Anfänger fühlen sich aber auf Tables sicher und wohl, da man immer noch drüber rollen kann, falls man Angst vor dem Sprung hat. Ebenso kann mit Tables "gespielt" werden, indem man z.B. rückwärts auf der Fläche landet und sich dann nochmal umdreht um vorwärts in die Landung zu fahren.
 Beispiel Table

2.) Doubles
Der Double oder auch einfach nur "Dirt" besteht aus einem Absprunghügel und einer Landung. Mit ihnen schafft man es, ohne allzu großen Materialaufwand große Sprünge zu bauen. Wenn man mehrere Sprünge direkt hintereinander stellt, werden sie als Line bezeichnet. Es gibt Doubles in allen Größenordnungen - von unter einem Meter bis zu über zehn Metern Distanz.

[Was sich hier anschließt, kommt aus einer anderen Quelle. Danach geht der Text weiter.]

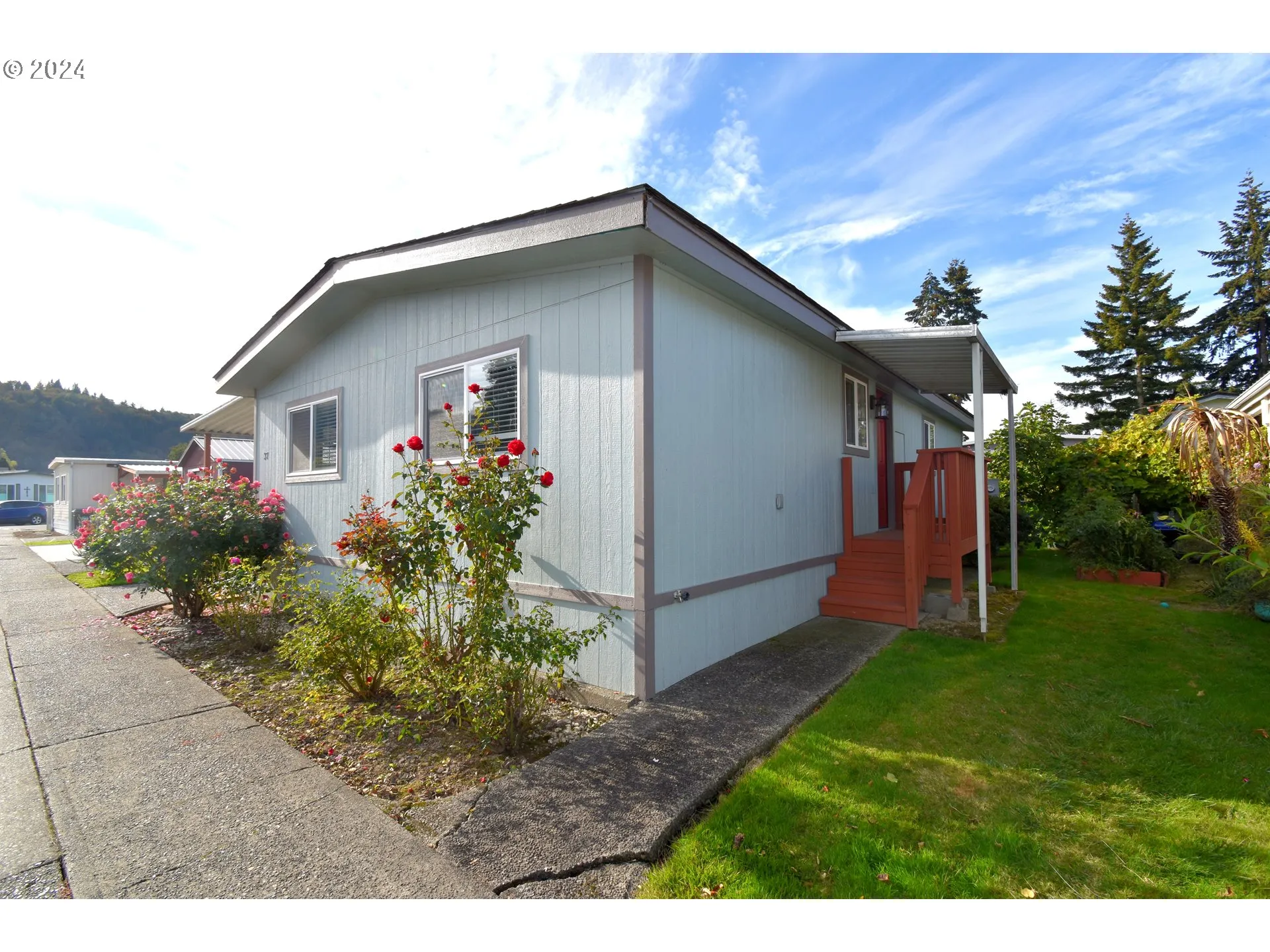 Welcome to this remodeled doublewide manufactured home in the Sunny Meadows Community, this charming residence boasts 2 beds 1 bath, a covered carport, 960 sq ft, FULLY UPDATED and renovated…newer roof, plumbing, water heater, siding, electrical wiring, freshly painted interior and exterior. The living room, dining room, and hallways feature new laminate flooring throughout the house. A large kitchen with white cabinets leads to a roomy living room and dining space. All appliances included. Ready to settle in and call this your home, make an appointment today.
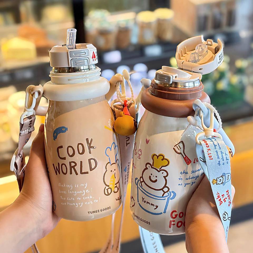 ขวดน้ำเก็บอุณหภูมิสำหรับเด็ก Tunee Goods ขนาด 500 มล. พร้อมหลอดและสายสะพายสำหรับเด็กนักเรียน
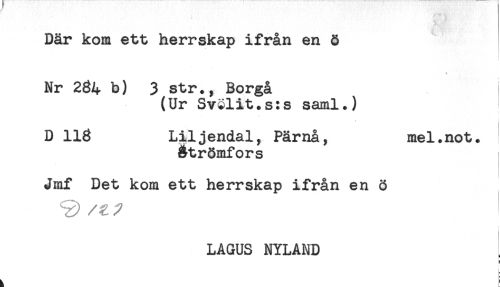 //// Där kom ett herrskap ifrån en § //// Nr 284 b) 3 str., Borgå //// (Ur Svälit.s:s saml.) //// D 118 Liljendal, Pärnå, mel.not. //// atrömfors //// Jmf Det kom ett herrskap ifrån en ö //// LAGUS NYLAND //// a ////
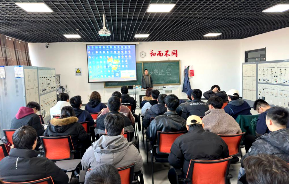 电气专业就业推进会由专业负责人王立鹏组织,辅导员于海龙、生涯导师、优秀学长以及毕业生参加。王立鹏对当前严峻的就业形势进行了深入透彻的剖析,并指出了就业市场所面临的诸多挑战以及潜在的机遇,使学生能够更加清晰地认识到自身所处的就业环境。随后,优秀学长们分享了他们的求职经历与职业发展心得,并从技能提升的关键要点、职业规划的科学方法、求职策略的巧妙运用等方面,为学弟学妹们给出了建议。
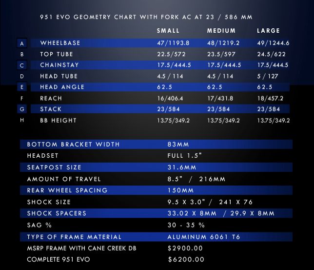 As an added bonus, the first 25 complete 951evo’s will be “limited edition” and feature custom Electric Blue Paint, Anodized Gold Links and Hubs as well as a set of matching HT Pedals at no additional charge.

Auf unserem BMCC-Vereinsgelände stehen derzeit 3 Doubles mit einem anschließendem Step-Up (siehe nächster Abschnitt). Die Größe liegt bei etwa 4 Metern Distanz zwischen Absprung und Landung.

3.) Step-Ups
Der Step-Up ist eine besondere Form für Dirts. Er besteht genau wie die anderen Sprungtypen aus Absprung, Mittelstück und Landung - aber die Landung ist deutlich höher als der Absprung! Der Absprung ist meist steiler als bei den anderen Bauarten und deswegen wird der Step-Up zum üben als sogenannterTrickjump genutzt. 
Da die Landung höher ist, fällt man in Relation nicht so tief. Das macht die Landung leichter und bei einem Sturz weniger schmerzhaft.